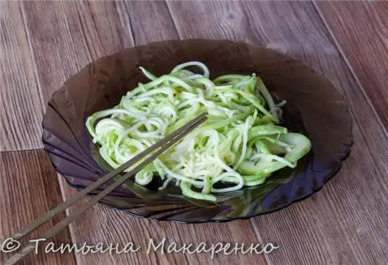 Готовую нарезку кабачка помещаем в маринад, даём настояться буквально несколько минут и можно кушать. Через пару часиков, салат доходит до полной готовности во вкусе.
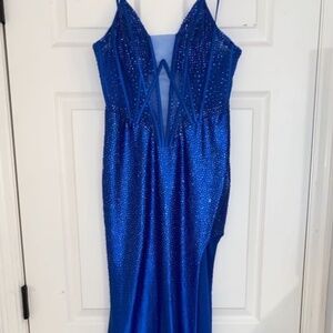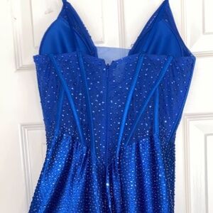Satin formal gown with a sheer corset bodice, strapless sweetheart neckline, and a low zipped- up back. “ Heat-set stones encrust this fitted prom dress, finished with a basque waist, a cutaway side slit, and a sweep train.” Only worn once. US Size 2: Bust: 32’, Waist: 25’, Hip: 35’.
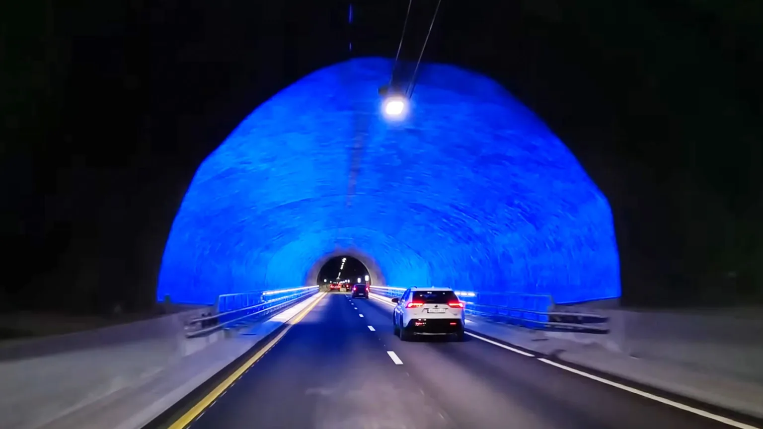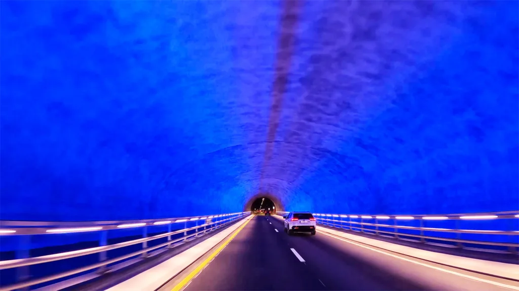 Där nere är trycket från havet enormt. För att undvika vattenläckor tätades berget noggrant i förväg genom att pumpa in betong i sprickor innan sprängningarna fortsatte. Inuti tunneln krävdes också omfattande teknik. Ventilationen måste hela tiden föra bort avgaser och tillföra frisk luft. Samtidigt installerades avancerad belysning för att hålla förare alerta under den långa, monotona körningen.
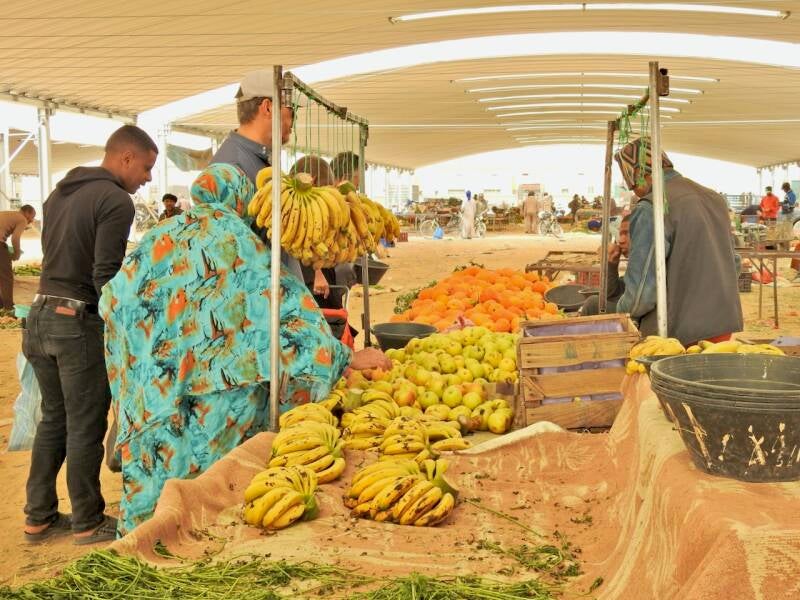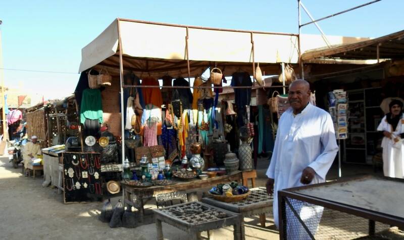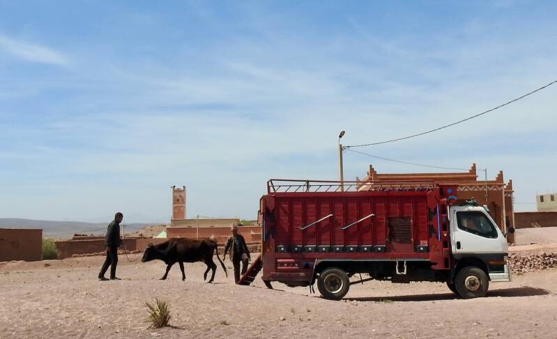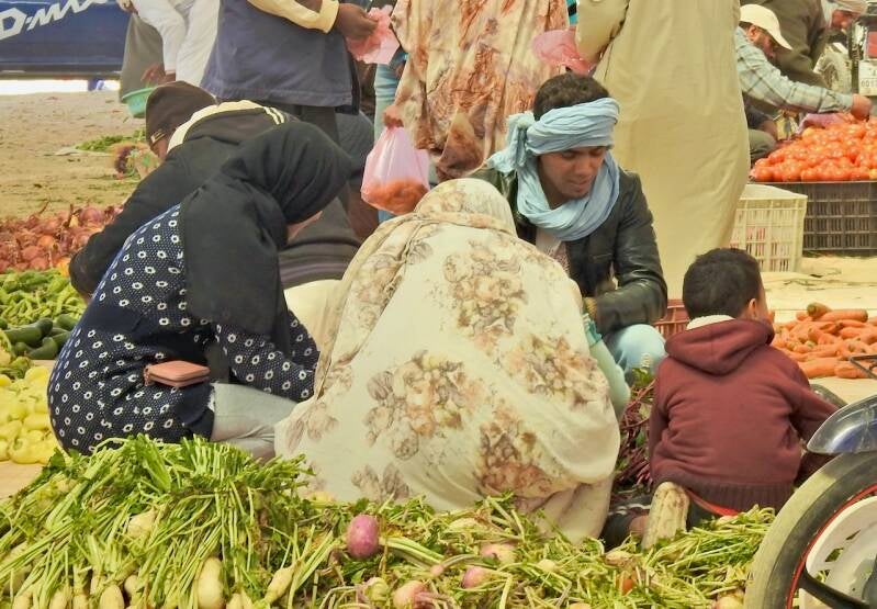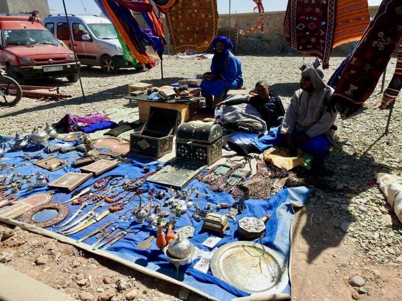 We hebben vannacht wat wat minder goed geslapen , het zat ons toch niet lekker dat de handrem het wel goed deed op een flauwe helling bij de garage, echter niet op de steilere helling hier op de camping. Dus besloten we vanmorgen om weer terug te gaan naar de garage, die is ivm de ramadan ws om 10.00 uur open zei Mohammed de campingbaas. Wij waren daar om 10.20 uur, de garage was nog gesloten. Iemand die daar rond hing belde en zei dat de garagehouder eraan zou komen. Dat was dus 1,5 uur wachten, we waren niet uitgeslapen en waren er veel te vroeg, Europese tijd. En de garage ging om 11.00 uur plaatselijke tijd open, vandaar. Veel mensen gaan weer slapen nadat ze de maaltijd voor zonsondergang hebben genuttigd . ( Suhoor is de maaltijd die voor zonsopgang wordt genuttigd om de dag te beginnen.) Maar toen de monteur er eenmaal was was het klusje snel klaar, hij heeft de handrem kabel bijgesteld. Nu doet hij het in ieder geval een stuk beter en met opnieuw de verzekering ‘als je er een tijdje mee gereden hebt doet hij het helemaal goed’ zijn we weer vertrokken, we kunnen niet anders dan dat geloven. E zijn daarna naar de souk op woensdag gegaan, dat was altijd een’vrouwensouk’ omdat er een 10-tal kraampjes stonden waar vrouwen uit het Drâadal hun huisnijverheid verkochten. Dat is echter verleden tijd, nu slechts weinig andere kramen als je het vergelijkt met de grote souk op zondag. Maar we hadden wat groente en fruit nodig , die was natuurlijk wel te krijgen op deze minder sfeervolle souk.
---
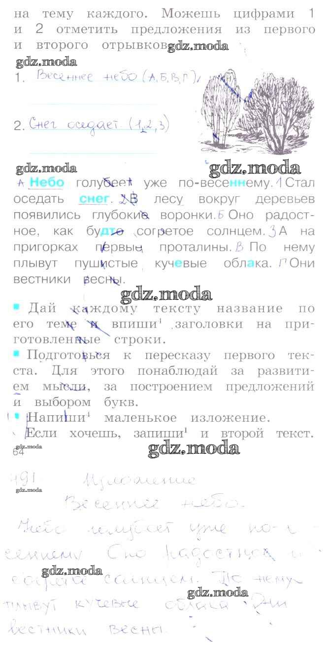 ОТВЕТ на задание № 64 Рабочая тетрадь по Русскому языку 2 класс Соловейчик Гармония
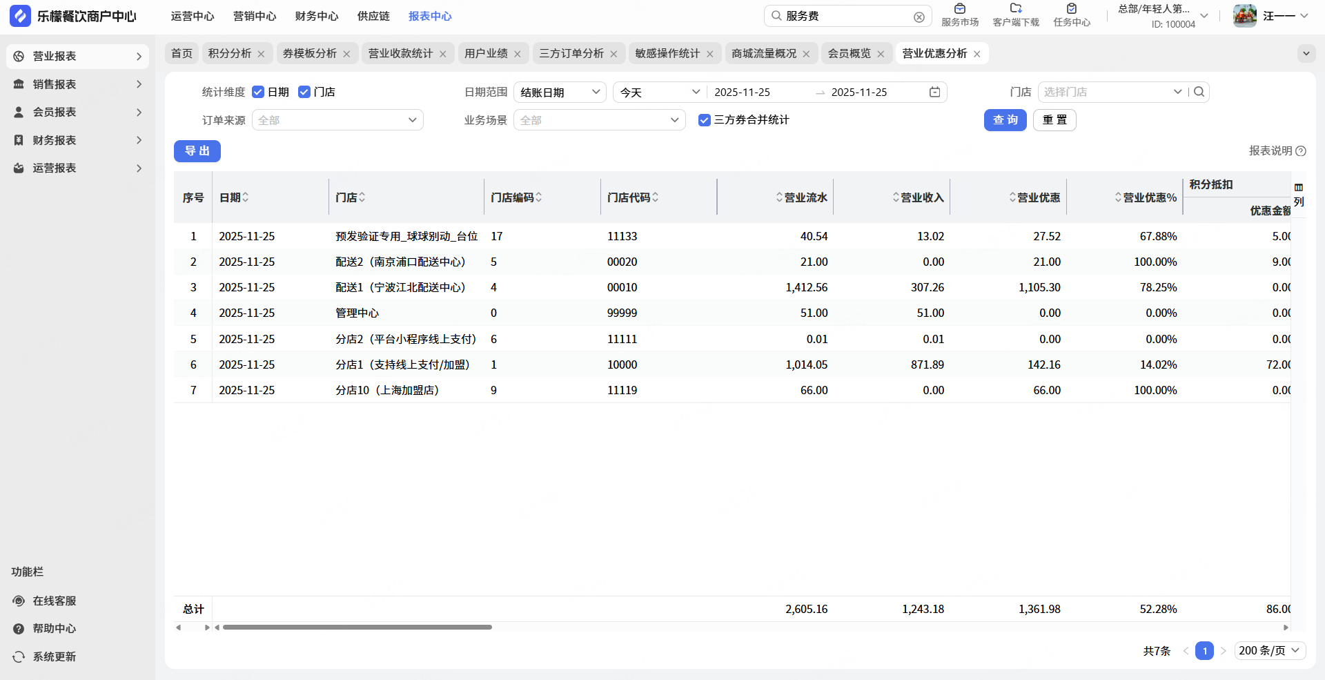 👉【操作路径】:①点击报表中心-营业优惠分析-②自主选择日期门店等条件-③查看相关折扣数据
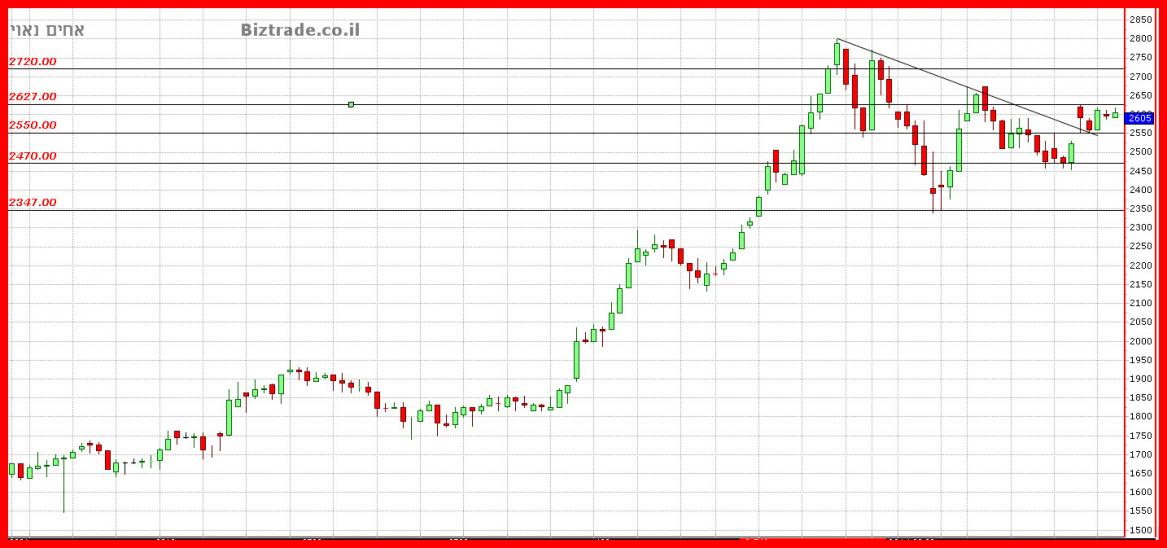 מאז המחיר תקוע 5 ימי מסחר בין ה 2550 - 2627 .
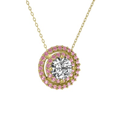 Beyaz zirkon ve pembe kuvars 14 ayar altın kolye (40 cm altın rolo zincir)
--
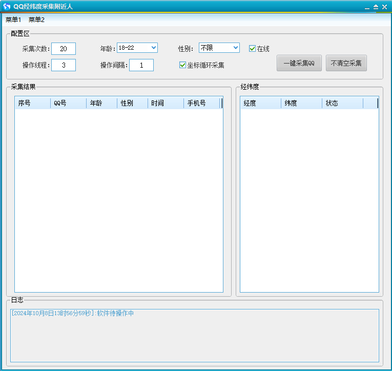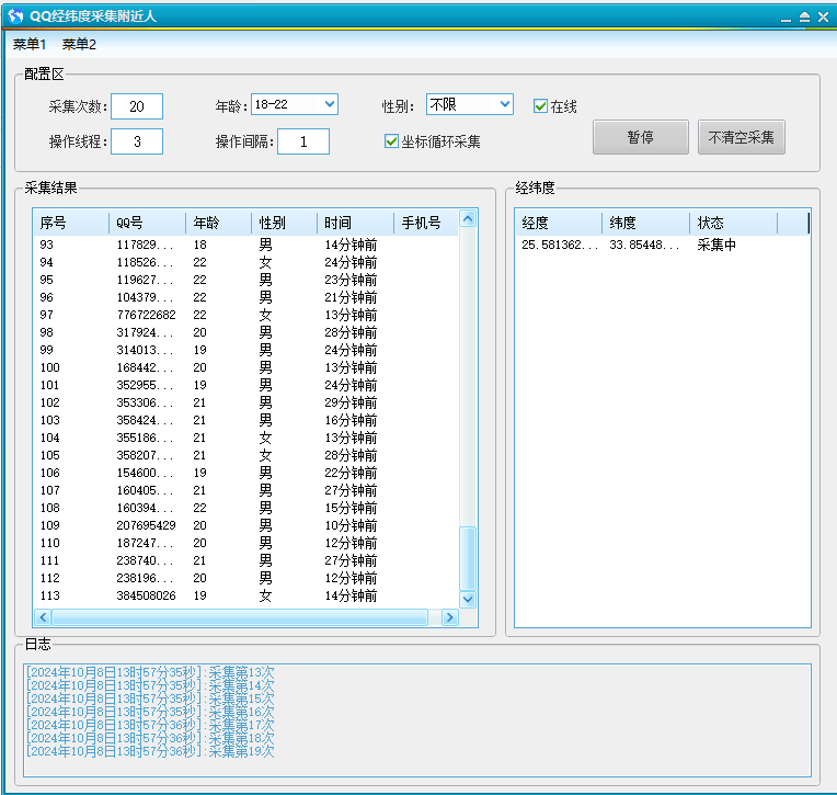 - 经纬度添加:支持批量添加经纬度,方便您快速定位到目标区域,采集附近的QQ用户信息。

#### [Exercise objective]
Starting at the line containing "Готовую нарезку кабачка" and stopping at the line containing "Där nere är", output each line exactly as it appears above. Leave out the pictures.

#### [Output below]
 Готовую нарезку кабачка помещаем в маринад, даём настояться буквально несколько минут и можно кушать. Через пару часиков, салат доходит до полной готовности во вкусе.
Satin formal gown with a sheer corset bodice, strapless sweetheart neckline, and a low zipped- up back. “ Heat-set stones encrust this fitted prom dress, finished with a basque waist, a cutaway side slit, and a sweep train.” Only worn once. US Size 2: Bust: 32’, Waist: 25’, Hip: 35’.
 Där nere är trycket från havet enormt. För att undvika vattenläckor tätades berget noggrant i förväg genom att pumpa in betong i sprickor innan sprängningarna fortsatte. Inuti tunneln krävdes också omfattande teknik. Ventilationen måste hela tiden föra bort avgaser och tillföra frisk luft. Samtidigt installerades avancerad belysning för att hålla förare alerta under den långa, monotona körningen.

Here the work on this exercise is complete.